On Fri, Dec 26, 2003 at 08:01:57PM -0800, Linus Torvalds wrote:
> 
> 
> On Sat, 27 Dec 2003, Andrea Arcangeli wrote:
> > 
> > well, at least on the alpha the above mode = 1 is reproducibly a lot
> > better (we're talking about a wall time 2/3 times shorter IIRC) than
> > random placement. The l2 is huge and one way cache associative,
> 
> What kind of strange and misguided hw engineer did that?

;)

> I can understand a one-way L1, simply to keep the cycle time low, but 
> what's the point of a one-way L2? Braindead external cache controller?
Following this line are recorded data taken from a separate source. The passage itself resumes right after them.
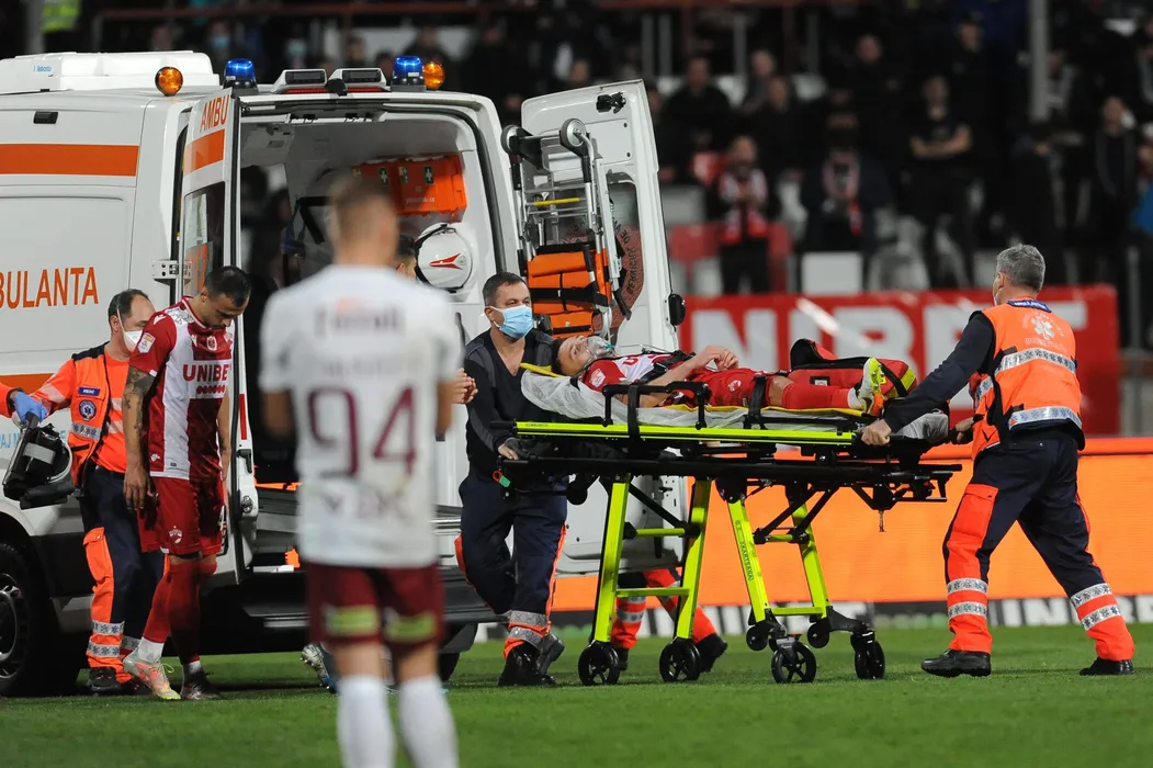 Alexandru Rauta, de la Dinamo, este scos cu targa de pe terenul de joc dupa ce s-a accidentat in timpul meciului de fotbal contra echipei Rapid din etapa a XIII-a a Ligii 1, disputat pe stadionul Dinamo din Bucuresti, sambata, 23 octombrie 2021. GEORGE FILIP / MEDIAFAX FOTO
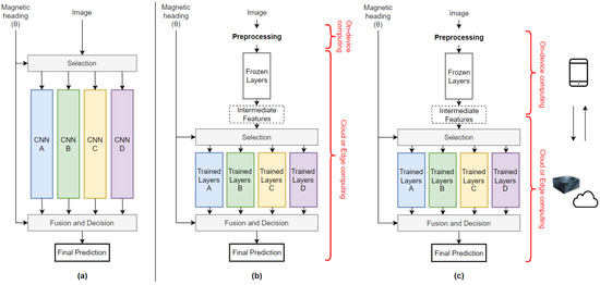 As explained in Section 4.1, DL model partitioning is the process of dividing a DL model into multiple parts that can each be deployed and run on different computing devices and servers. In the proposed indoor scene recognition system, several CNN models need to be saved and used during inference, requiring an increase in memory capacity and computation power. Including all the needed models in the mobile application bundle also significantly increases its download size, up to many megabytes (MB) in practice. The direction-driven CNNs of our proposed model have a common inference part because some of the layers of the CNNs are frozen during the training phase. Unlike trained layers, which are trained and validated on specific subsets of data based on the magnetic headings of the collected images, this part should only be computed once, helping to reduce the inference time and the size of the global DL model (composed of multiple direction-driven CNNs). Thus, the architecture of the proposed system represented in Figure 4a is partitioned into five submodels: the common submodel (i.e., frozen layers) and the other four submodels (i.e., trained layers A, B, C, and D).
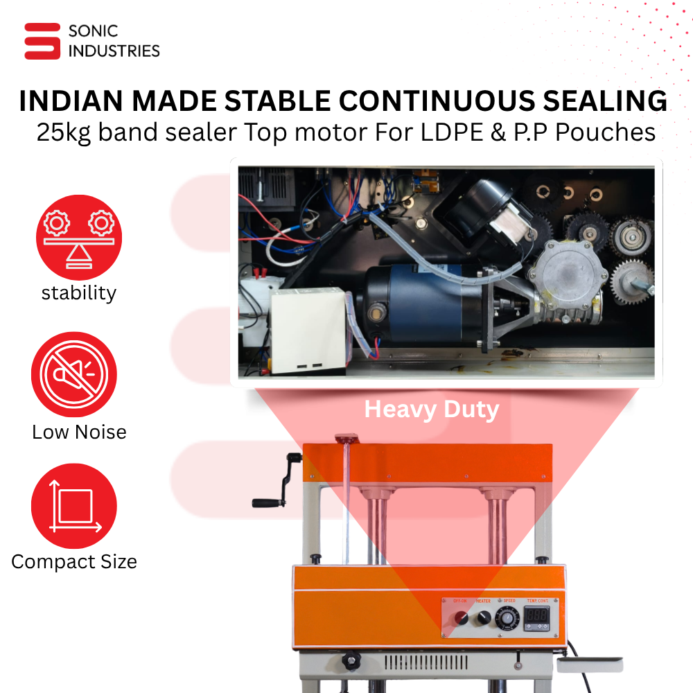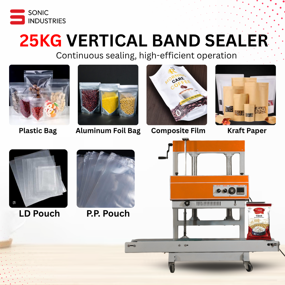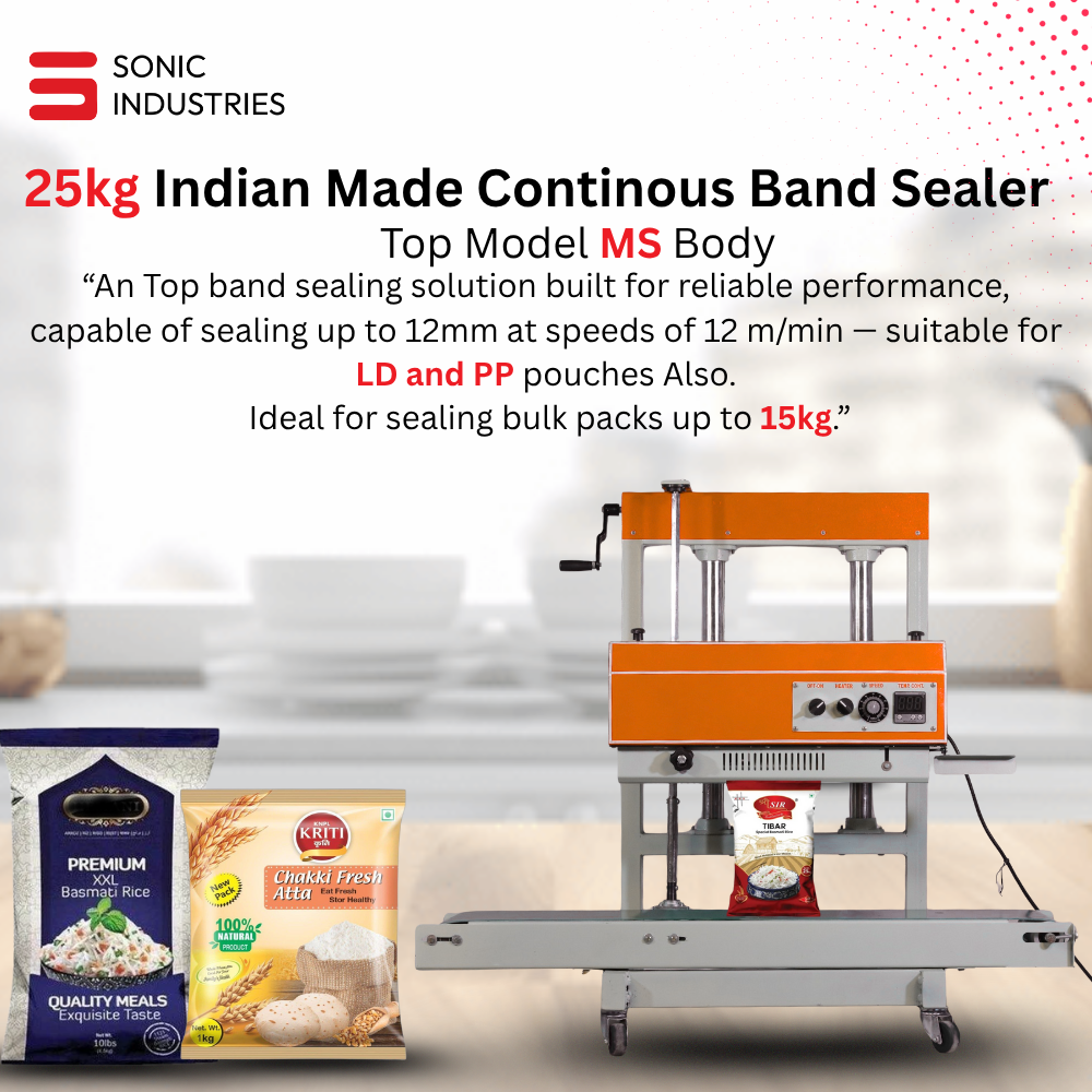 In the world of industrial packaging, efficiency, reliability, and sealing precision are non-negotiable. The Sonic Industries Continuous Band Sealing Machine 25KG – Indian Make Heavy-Duty Sealer is designed to meet the growing needs of large-scale manufacturers and packers who handle bulky or high-volume packaging operations.

dunno, though if you implement the cache coloring with that algorithm I
it run fast compared to other archs. No idea how much hardware gain one
can get with an huge one way set associative cache (with some help from
the OS to ensure it's all used and not trashed) if compared to a (tiny)
16-way associative cache.

> 
> > The current patch is for 2.2 with an horrible API (it uses a kernel
> > module to set those params instead of a sysctl, despite all the real
> > code is linked into the kernel), while developing it I only focused on
> > the algorithms and the final behaviour in production. the engine to ask
> > the allocator a page of the right color works O(1) with the number of
> > free pages and it's from Jason.
> 
> Does it keep fragmentation down?
> 
> That's the problem that Davem had in one of his cache-coloring patches: it
> worked well enough if you had lots of memory, but it _totally_ broke down
> when memory was low. You couldn't allocate higher-order pages at all after
> a while because of the fragmented memory.
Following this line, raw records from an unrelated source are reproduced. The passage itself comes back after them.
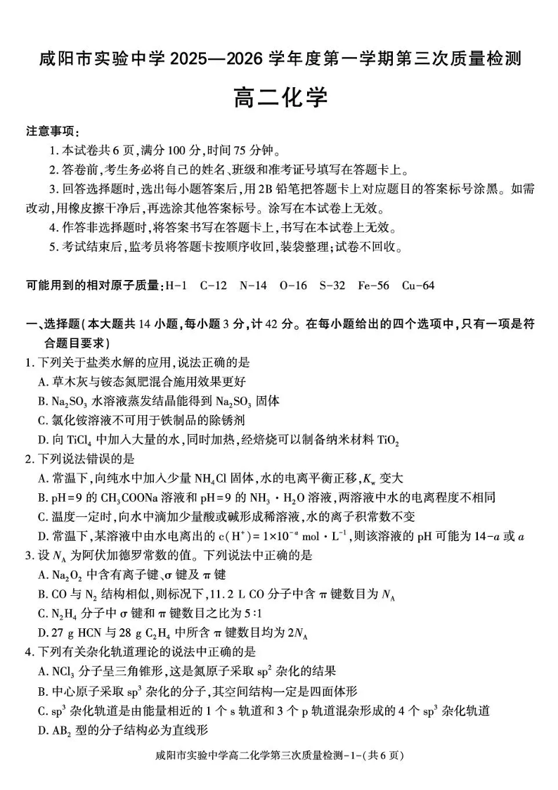 咸阳市实验中学2025-2026学年高二上学期第三次质量检测 化学.pdf
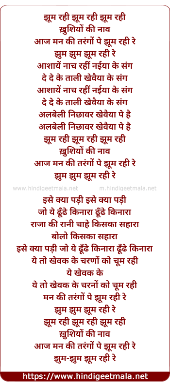 Lyrics of Jhoom Rahi Jhoom Rahi Khushiyo Ki Naav Aaj - झूम रही झूम रही ख़ुशियों की नाव आज
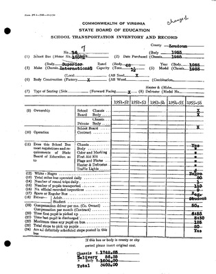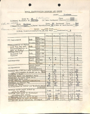 Loudoun County Public School Inventory of school buses driven by White and Negro drivers from 1946-1951. Information includes bus body and chasis type, year purchased, motor serial number, construction type, number passengers, driver age, driver salary… Accident information including property damage costs.
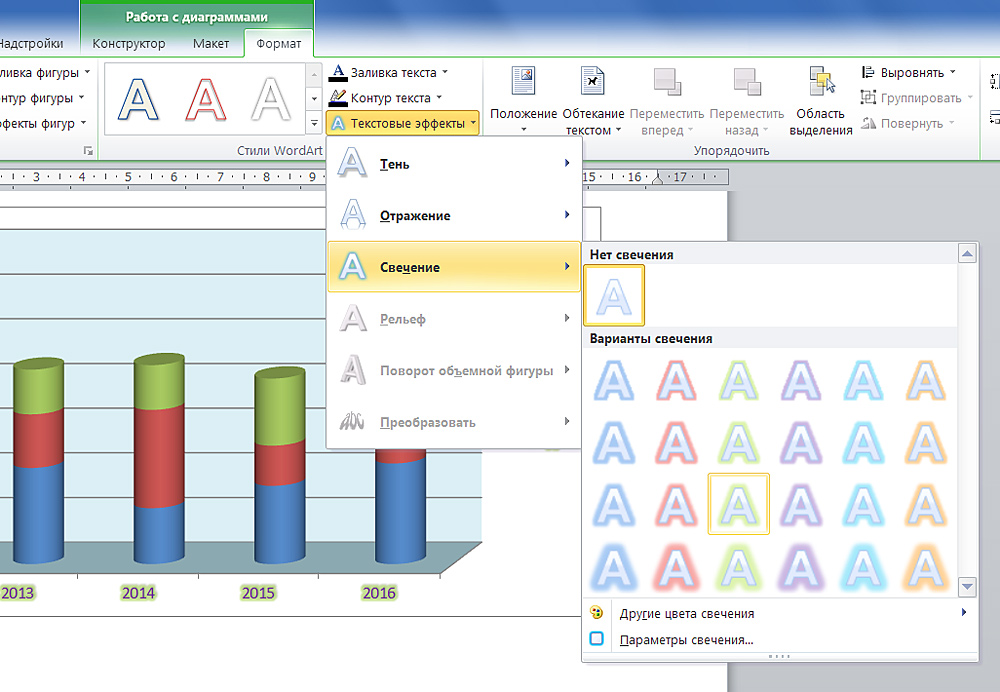 На этой панели есть настройки обтекания текстом. Вы можете вставить текст в рисунок из WordArt и добавить различные эффекты. Чтобы сформировать уникальную и запоминающуюся диаграмму, не надо использовать сразу весь инструментарий Word на небольшом куске иллюстрации.
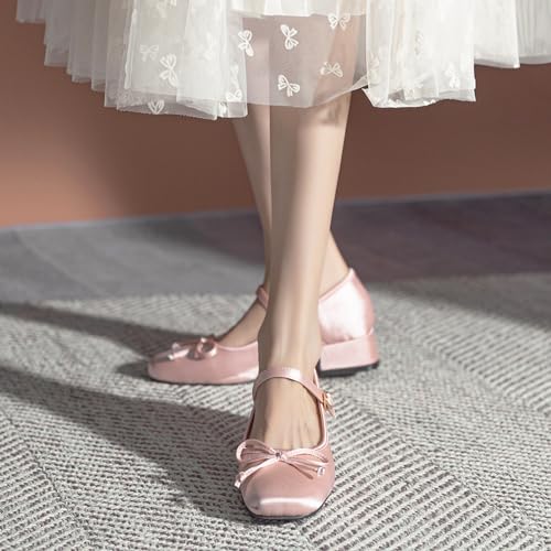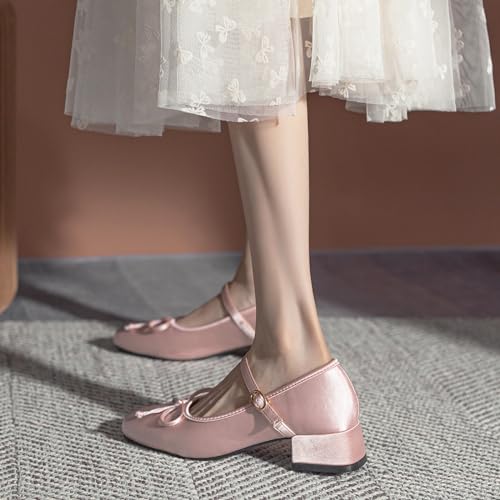 Zeberfi Women's Satin Bow Tie Low Chunky Heel Mary Jane Pumps Fashion Square Toe Shallow Mouth Adjustable Buckle Strap Low Block Heels Business Wedding Ballet Dress Shoes

what can happen is that you've a leaf at order 0 but you don't take it
and you split some order 1-MAX_ORDER page instead to get an order 0 of the
right color (same can happen with order 1 vs order 2-MAX_ORDER). So yes,
it can fragment the memory more quickly, but the very same fragment
patterns can happen w/o page coloring, it's just quicker to get into a
fragmented state.

However it defragments down perfectly if two contigous order 0 pages are
free, no difference in such case, it's just that you may end with more
non mergeable order 0 pages more quickly, but it's all quite random and
I never heard problems about that. The kernel must free cache and
possibly swap too if it fails order > 0 allocations anyways, or the
order 1 could not succeed. the swapping/cache-shrinking basically
relocates the right colored pages into non right colored pages until the
defragmentation happened.

it should be simple to add a very weak mode (the opposite of the strict
mode) that forbids the color aware allocator to split an high order page
if there's at least one page already available of the right order. That
would provide an even lesser guarantee of right coloring though. that
could be the same as non coloring at all in practice, that's why I
probably not even considered it till today. It's probably simpler to
disable it via sysctl than to implement this "weak" mode.